**Task**
Please, without any pictures, transcribe the lines from the one holding "現在のポジション 未決済ポジ" to the end of the listing, both ends included.

**Source material**
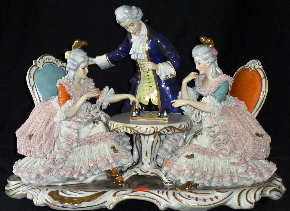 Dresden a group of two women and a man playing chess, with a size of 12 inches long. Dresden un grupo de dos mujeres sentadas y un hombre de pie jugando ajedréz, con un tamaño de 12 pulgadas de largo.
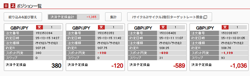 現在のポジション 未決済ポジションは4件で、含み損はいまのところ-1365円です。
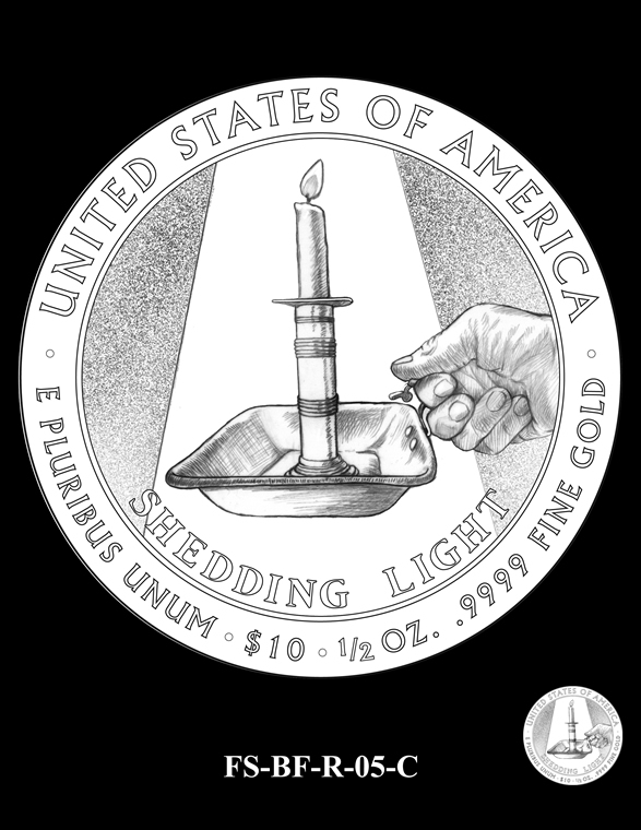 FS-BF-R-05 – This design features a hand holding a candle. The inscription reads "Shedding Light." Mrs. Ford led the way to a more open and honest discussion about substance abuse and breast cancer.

**Reply to the task**
 現在のポジション 未決済ポジションは4件で、含み損はいまのところ-1365円です。
 FS-BF-R-05 – This design features a hand holding a candle. The inscription reads "Shedding Light." Mrs. Ford led the way to a more open and honest discussion about substance abuse and breast cancer.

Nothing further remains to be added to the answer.